I wish my grandma would stop using the phrase "he pulled out" when she's talking about her contractor quitting his job.
okay I may or may not have wrapped my body pillow up in your t-shirt and sprayed it with your axe and am now spooning with it.
again? I'm starting to get a little creeped out now.
the general consensus of people in the room is that i should have another bottle of wine.
"people in the room" being me.
Walk-of-shaming home from Brooklyn in a Jesus costume that has "what wouldn't Jesus do" written on the robe.
just cockblocked my boss's 17 year old son at the Christmas party
i left with the words "thank you for undersanding my sluttiness"
I saw Nicolas Cage's face in the moon. Those were good shrooms.

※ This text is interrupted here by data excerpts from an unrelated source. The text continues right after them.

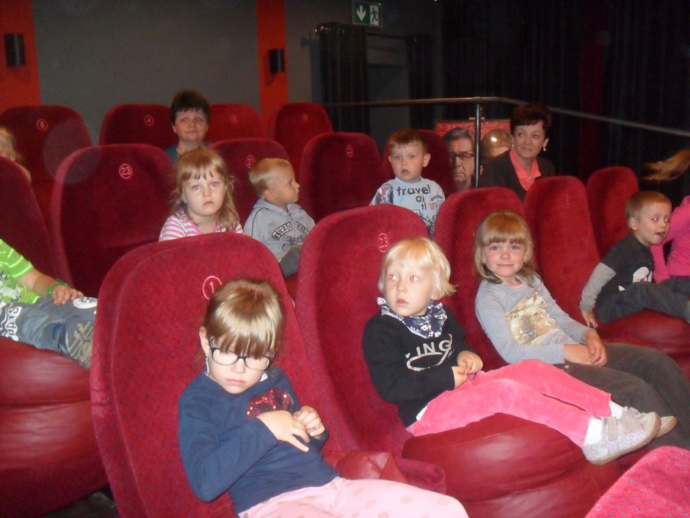 Dnia 15.06.2016 r. zorganizowano wycieczkę dla grupy Krasnoludki i Tańczące Nutki do Krzeszowa do kina "Za Rogiem". W kinie dzieci obejżały trzy bajki: "Parauszek", "Dwa koty i pies", "Pampalini". Po seansie filmowym dzieci miały okazję zwiedzić bibliotekę, gdzie wzięły udział w zajęciach bibliotecznych.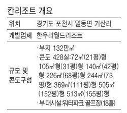 칸(Khan)리조트는 서울 강남권에서 40㎞ 떨어진 경기도 포천 일동면에 골프장 워터파크 스파 컨벤션센터 등을 갖춘 수도권 최대 규모의 종합온천리조트다. 165만㎡ 부지에 7000억원을 들여 개발하는 칸리조트는 내년 5월 준공될 예정이다.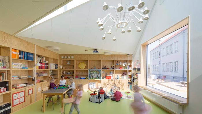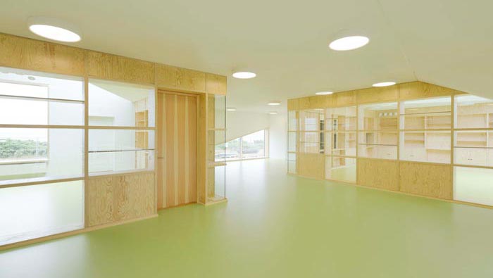 教室內(nèi)部的設(shè)計(jì):內(nèi)部有膠合板制成的“書(shū)柜墻”圍繞在空間的四周,與綠色地板一起構(gòu)成了整個(gè)空間的格局,這樣的設(shè)計(jì)為整個(gè)空間創(chuàng)造出,流暢的空間體驗(yàn)和一致性和透明度,讓孩子們?cè)谶@里成長(zhǎng)、在這里積累知識(shí)、在這里見(jiàn)證自己的童年。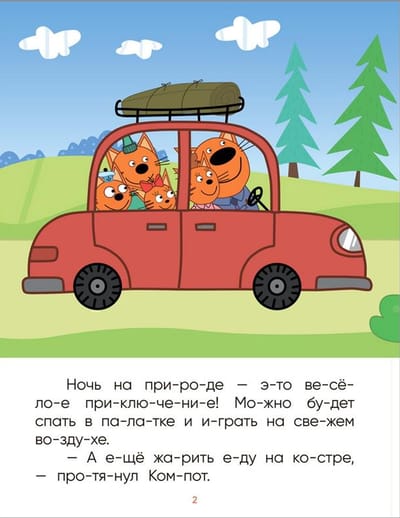 Что делать, если ребенок учится читать, а все сказки и стихи уже зачитаны до дыр? На помощь придет книга «На природе» серия «Три кота. Читаю по слогам» — история по мотивам любимого мультфильма. Слова, разделенные на фонетические слоги, крупный шрифт, понятные тексты и яркие иллюстрации — все в этой книге предусмотрено для того, чтобы читать по слогам ребенку было легко и интересно. Удобный формат книги позволит наслаждаться чтением не только дома, но и на прогулке, в пути или в очереди. Из книги «Ночь на природе» ребенок узнает, как котята научились не бояться лесных чудищ и прекрасно провели время с родителями.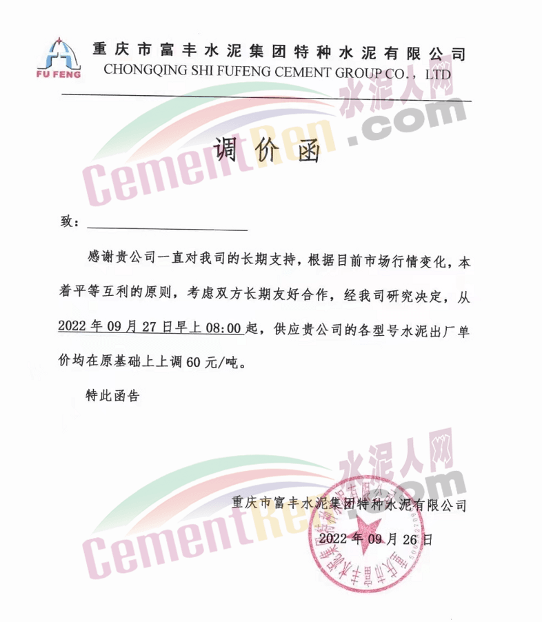 重庆市富丰水泥集团特种水泥有限公司发布通知称:根据目前市场行情变化,经我司研究决定,从2022年9月27日早上8:00起,供应贵公司各型号水泥出厂价格在原基础上上调60元/吨。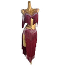 Belly Dance Competition Women's High-end Custom Lenses Multi-layer Tassel Cha Samba Performance Rhinestone Dress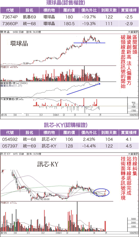 持股部位不同 避險方向相反簡而言之,投資人手中持股很多但是擔心的是股票不漲反跌,此時適合的操作策略就是採取空頭避險,若是投資朋友持股不多或手中都是現金,最擔心的是大盤大漲股票也飆上去,到時候買不到或賺不到,此時的操作策略就是進行多頭避險。兩種方式操作方向相反,我們進一步提出操作方法。空頭避險者的做法:(1)投資人手中繼續持有個股但擔心行情反轉,因此可買進個股的認售權證,這樣就算個股不漲,也可以利用小小的資金操作認售權證,讓認售權證的部位獲利來彌補個股的損失,進而讓虧損縮小。(2)即將進入除權息的旺季,因為投資朋友將來會有配股配息的機會,可是擔心股價屆時會下跌,所以可先買進相關個股較長天期的認售權證,來規避未來除權息時個股或有的棄權賣壓。多頭避險的做法:(1)賣掉手中持股以小資金買進認購權證,這樣可以規避將資金曝露在高檔位置區。(2)空手者滿手現金最怕錯失行情,但是又害怕追高,因此空手者可利用認購權證的操作來避險。個股位階高低 認購、認售權證避險操作以上兩種方式,是以投資朋友手中是以持股還是現金的多寡來區分,不管是多頭或是空頭避險,其實投資朋友都不需要花太多的資金,反而可以避免損失擴大或者錯失獲利的機會,也正好適合目前台股在萬點之際投資人究竟應該進場追價還是要退場觀望的操作策略。這一期我們針對個股的位階高低之分,以個股的權證來掌握多頭或空頭的避險操作,介紹一檔低位階股的認購權證以及一檔高位階有追高風險的認售權證,兩檔不同的股票就蘊含著多頭及空頭避險的操作策略。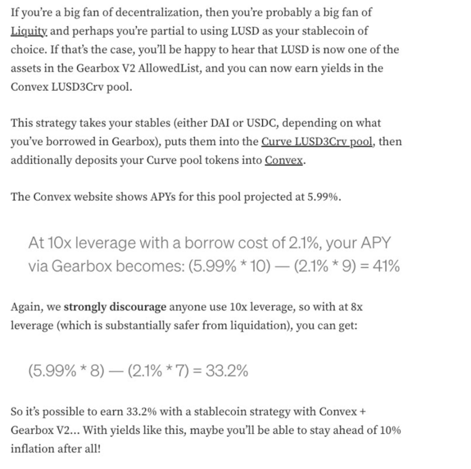 The full announcement description for V2 is a long but excellent read. It addresses how Gearbox managed to provide 10x on-chain leverage in a relatively safe manner. The basic mechanism is to limit the playing field to a known set of tokens that are known to be volatile. By focusing on some commonly used leveraged DeFi products, GEAR believes that its product safety can be guaranteed. For example, stablecoins tend to trade within tight ranges if they are functioning properly. If you expect stablecoins to indeed be close to the peg, these coins are relatively less risky.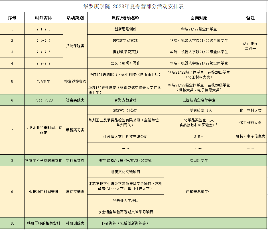 2.夏令营期间必须按时上课、进实验室,请相关负责人做好考勤工作,如有无故缺席按常州大学《学生手册》相关规定严肃处理。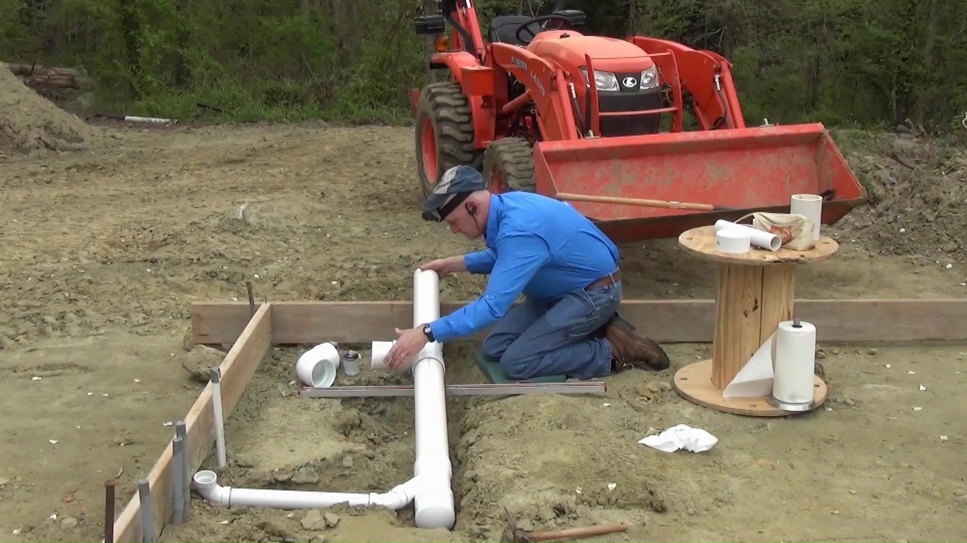 Back at the job site, I did a dry fit before gluing the pipe together, starting with the wet vent, then the toilet line, and then the section that exits the slab. A cleanout will be added just outside the slab.

Just saw some dude tumble down the stairs of the bar while leaving...fist pump...and then sprint down the road
that is terrible, if I can't drink Gatorade when I'm hungover I don't wanna live in this world. that's like denying wild rams to run free in the wild and frolic
Our conversation concluded a weekly schedule of casual sex in between classes.
That moment when the line ‘If you want a hot body you better work bitch’ in Britney Spears’ new song comes on as you’re using two forks to shovel enchilada into your mouth.
You FaceTimed me at three in the morning while you were peeing. Your eyes were glazed over and you showed me your bellybutton.
Me and my girlfriend were watching porn together..... it got awkward cause I kept getting notifications from my family on Facebook
My neighbour just came round to ask why we posted a spatula through his door at 3am. What do I tell him??